Основной чертой характера Богрова было бесстрашие и выдержка. Впервые он показал себя во время драки студенческой молодежи с полицией на лекции известного радикального публициста. Городовые потребовали «очистить зал» и обнажили шашки. «Вся публика, — вспоминал брат Богрова Владимир, — в панике ринулась из зала, а Богров не растерялся. Он чуть ли не один остался в зале, где неистовствовали городовые, защищаясь деревянной палкой от шашек, которыми таковая и была перерублена пополам».
Тем не менее, многие мемуаристы писали, что Богров производил на них отталкивающее впечатление. Заслуженный большевик, близкий соратник Ленина, носивший кличку Валентинов, — он же Сергей Богров — также отмечал некоторую моральную ущербность своего двоюродного брата Дмитрия. Знаменитому террористу многие человеческие чувства были просто не знакомы. Во имя «великого дела» он сумел подавить в себе не только страх, но и нежность, жалость, привязанность к близким. Обычным его состоянием были сплин и равнодушие.
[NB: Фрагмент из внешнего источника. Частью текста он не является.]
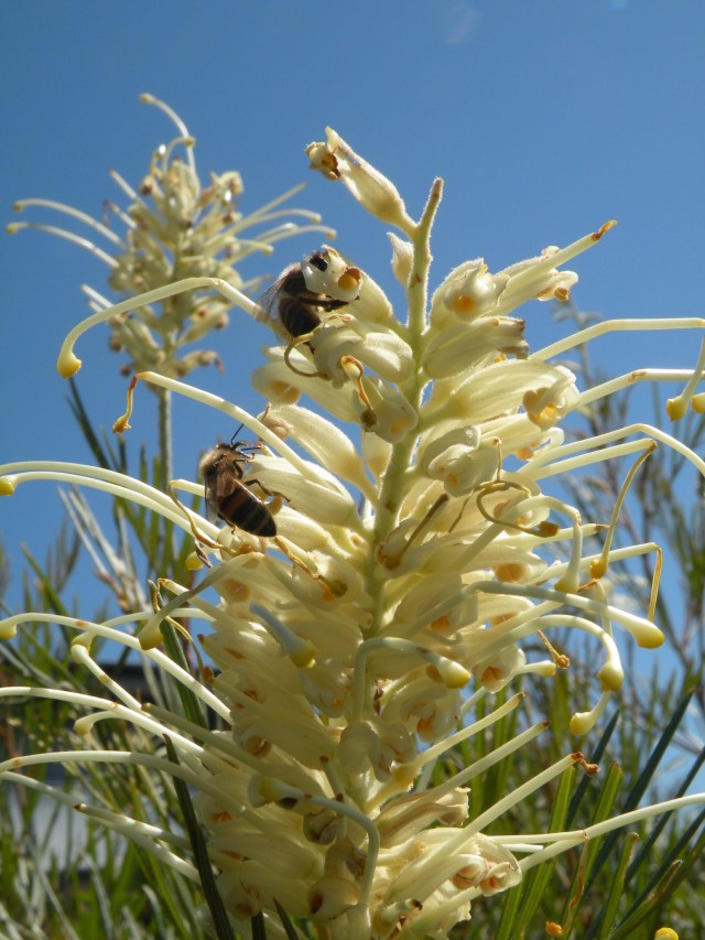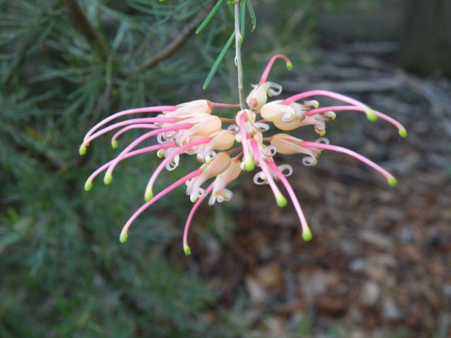 During February very few plants in our garden were flowering. However a number of Grevilleas were the exception. This Grevillea semperflorens easily reinforces the nickname ‘spider’ that many Grevilleas are renowned for. It is in a very heavy clay soil, along with two other Grevilleas and a couple of Callistemons on the south-west side of our property.
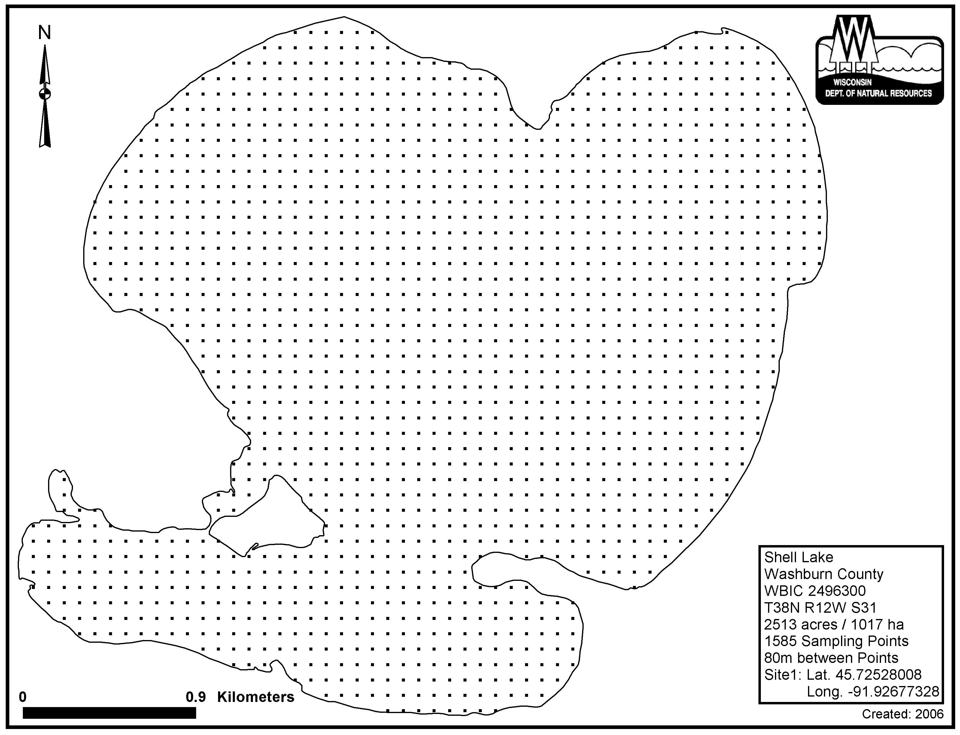 Shell Lake, Washburn County - Aquatic Plant Sampling Map (1)(80 mpts)
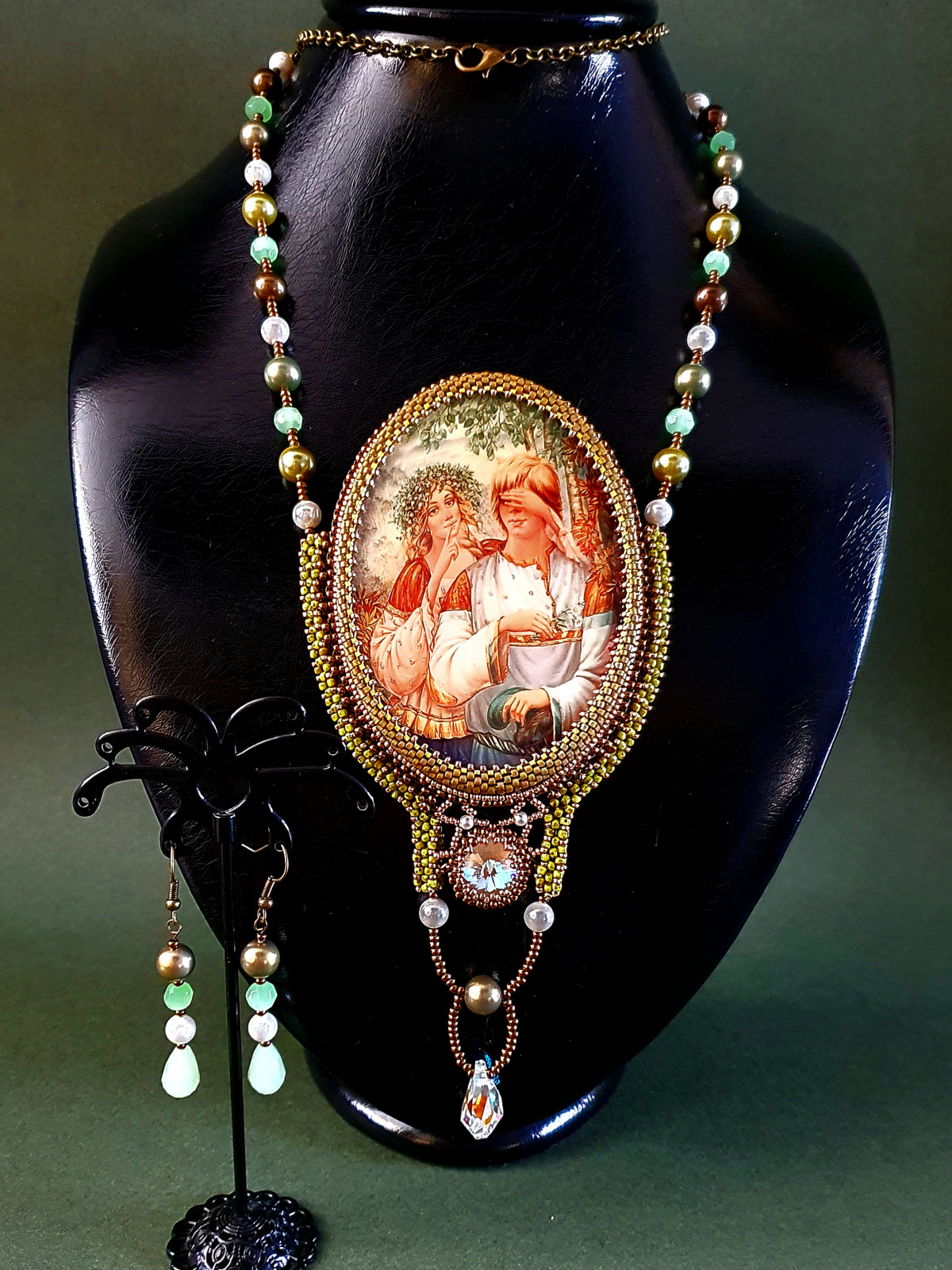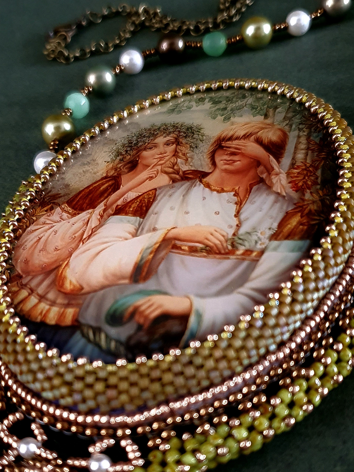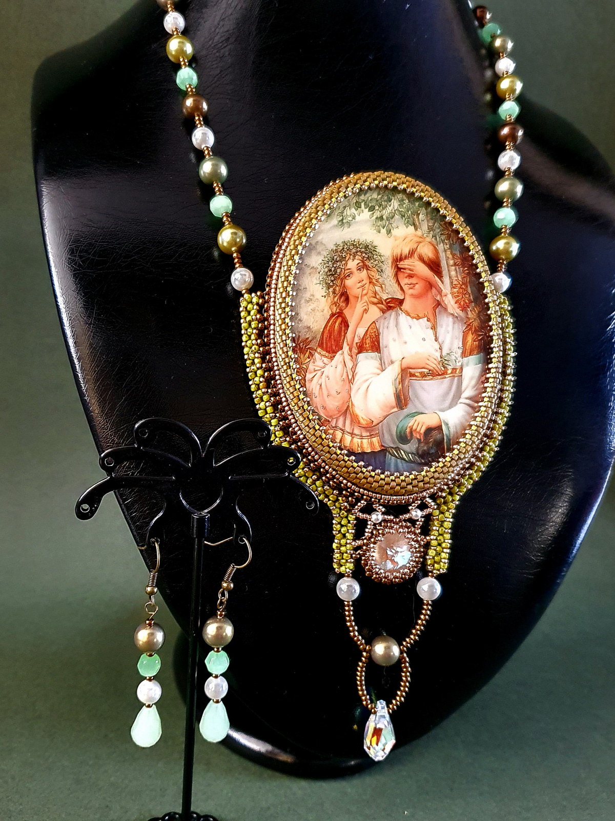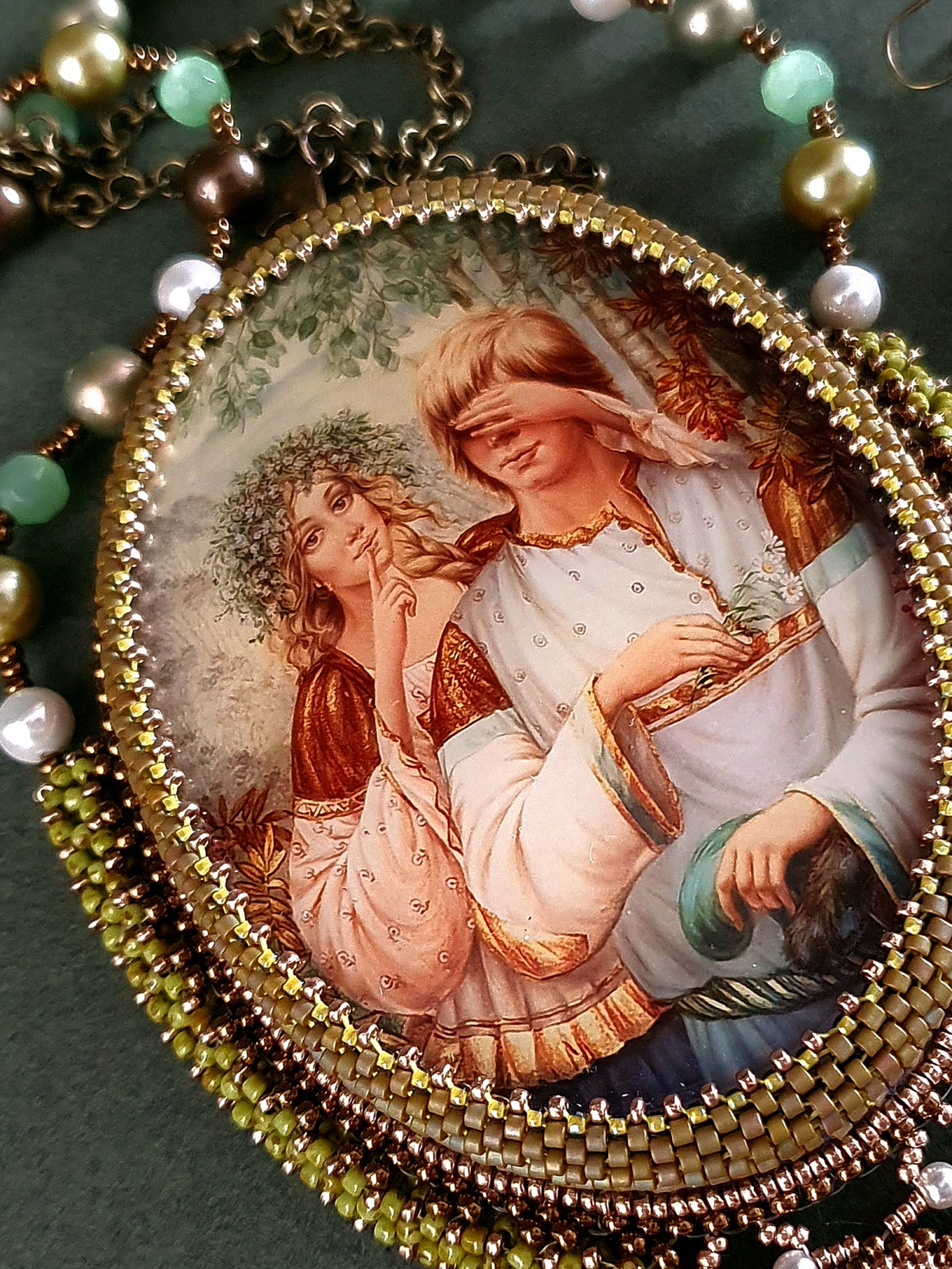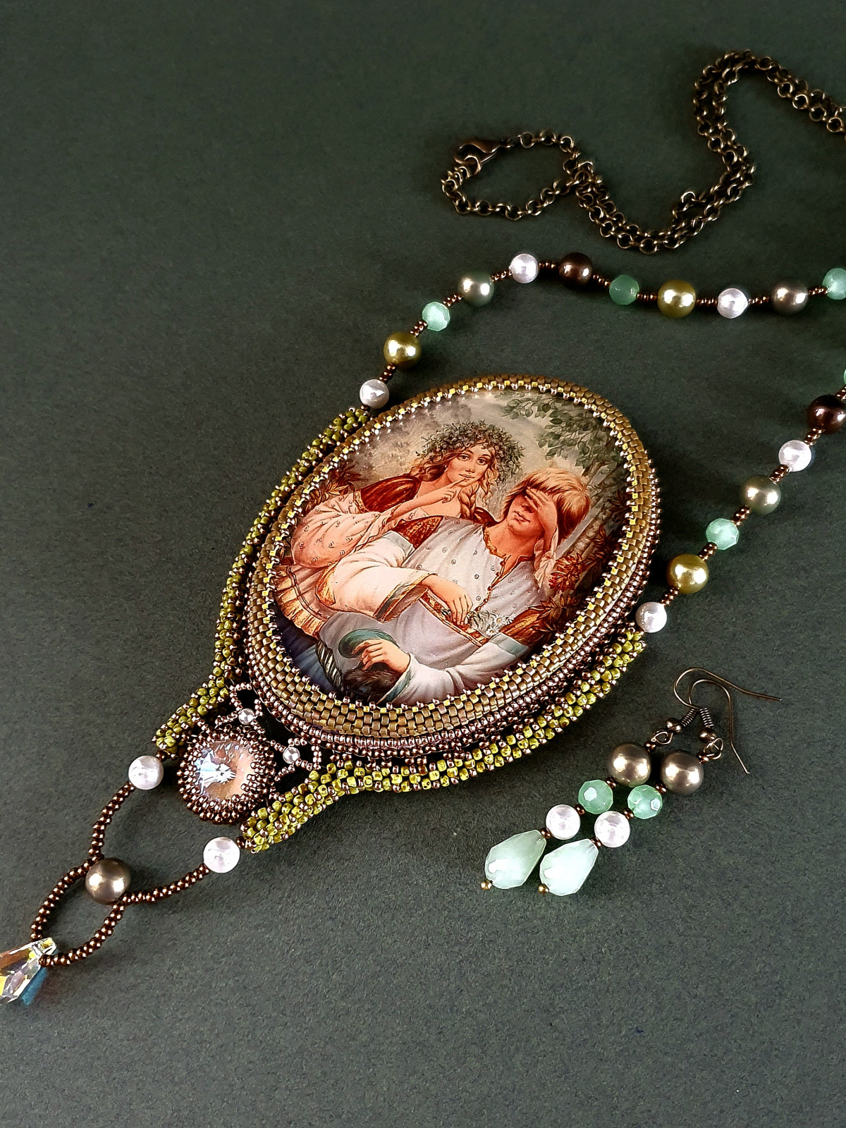 Жемчуг, бусины нефрита, риволи и подвеска австрийского производства. Японский бисер разного размера. По моим подсчетам я использова шесть видов бисера. Изнанка кулона ни в чем не уступает лицу. Все, абсолютно все, в этом кулоне я делала с любовью.

Ничто, казалось, в этом мире не привлекало и не радовало его.
«Нет никакого интереса к жизни, — писал как-то Богров двоюродному брату. — Ничего, кроме бесконечного ряда котлет, которые мне предстоит скушать в жизни. И то, если моя адвокатская практика это позволит. Тоскливо, скучно, а главное — одиноко».
Покушение произошло 14 сентября в самом неожиданном месте и в самое неподходящее для убийства время: во время представления оперы Римского-Корсакова «Золотой петушок» в Городском театре (нынешний Национальный театр оперы и балета). В здании было полно полиции, жандармерии и филеров. В генерал-губернаторской ложе с левой стороны от сцены сидел царь с великими княжнами Ольгой и Татьяной. В партере разместилась знать и министры. Попасть на это представление было почти невозможно. Но Богрову билет дали. И не куда-нибудь, а в 18-й ряд партера.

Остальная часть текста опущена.